The morning after my conversation with Olliard, I stepped inside that room and shut the door behind me. Lisette sat on a stool by a simple bed, upon which lay a dead man. Penric was stripped down to his drawers, his scarred chest crisscrossed by stitches made from thread of gold — real, rather than aura, and incredibly valuable. They marked the places where his flesh had been peeled back from bone, where organs had been reinforced or replaced. The room stank of tallow, incense, and the subtly electric smell of freshly burned aura. There were jars of sacred unguents laid on a table by the bedside, and a censor burning from a chain on the wall.

Lisette immediately stood, brushing down her white-and-yellow Abbey habit and bowing her head. “Ser.”

I said nothing to her at first, making sure the door clicked behind me and that I sensed no one listening. I walked to the other side of the bed, looking down at my lance’s archer. Penric was asleep, or something like it. His eyes were closed, his face upturned and his limbs flat. He looked like a man being prepared for his own burial, and indeed all the tools — including the surgical implements laid out from one of Lisette’s satchels — were the kind made for embalming.

“How is he doing?” I asked.

Lisette took a moment to steady herself before answering. “I do everything I can to slow the rot, but it’s not possible to halt it completely. I’ve had to replace some of his organs. I was never trained in this, only studied records, so some of it I had to improvise.”

I knew Penric’s lungs were actually stitched bags of leather, like those used to make bagpipes, that Lisette had needed to line his muscles in salt and replace his intestines with bundles of corded rope. Being undead was a strange business. So long as all the pieces resembled the original, he could maintain his sense of humanity — it was the same idea behind the creation of Marions and other automata, that a vessel needed to have a strong resemblance to a living organism in order to gain the spark of aura, of thought and will.

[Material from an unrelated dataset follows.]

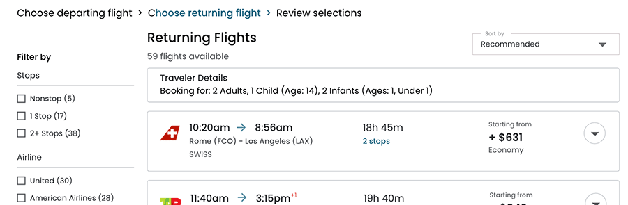 By revealing critical details such as layover durations, stop locations, and fare options, the expanded view builds trust and ensures users feel confident in their selection.

“There are orders in the Church who understand this better,” Lisette continued, her voice full of suppressed worry and self-doubt. “The Cenocastia, the Scribes of the Eleventh Verse, the Mediirite Chapters, the seers responsible for preparing and raising Dead Saints…”

I held up a hand, palm facing forward, and Lisette fell silent. I knew what she was trying to do, that she meant to draw attention to the Church’s history of proscribed necromancy, the fact that there were circumstances and traditions under which her actions were not heretical. Trying to convince herself.

“You are not a sanctioned necromancer,” I said. “Penric is not the spirit of some old king from Draubard who volunteered to have himself raised once every century or two, so the living can hear his wisdom. You brought him back with your Art, tethered his soul to you. He’s your slave, Lisette.”

The cleric flinched. “I… I didn’t mean to.”

I paced to the foot of the bed, my hands behind my back so my cloak hid them. “If that were the case, you would have broken the bond as soon as you realized and told me. You know I wouldn’t have turned you over to the Inquisition, not knowing they would strip your Art from you through torture, then burn you as a witch.”

All the color bled from her already pale face.

“I wouldn’t do it,” I continued after a pause, “because I’ve done worse. But Penric isn’t like Vicar, Lis. He’s not like the ghosts attached to me. He's our comrade. Our friend.”

I was a necromancer too, a warlock. The fate I’d just described would be true of me as well, if I ever let the priorguard take me again. My position, the Emperor and Empress, that day when two angels of the Choir of Onsolem had sanctioned me in front of all the high lords and ladies of the Accord — those things protected me. I had power and influence, and while it wasn’t fair, it was the way of the world.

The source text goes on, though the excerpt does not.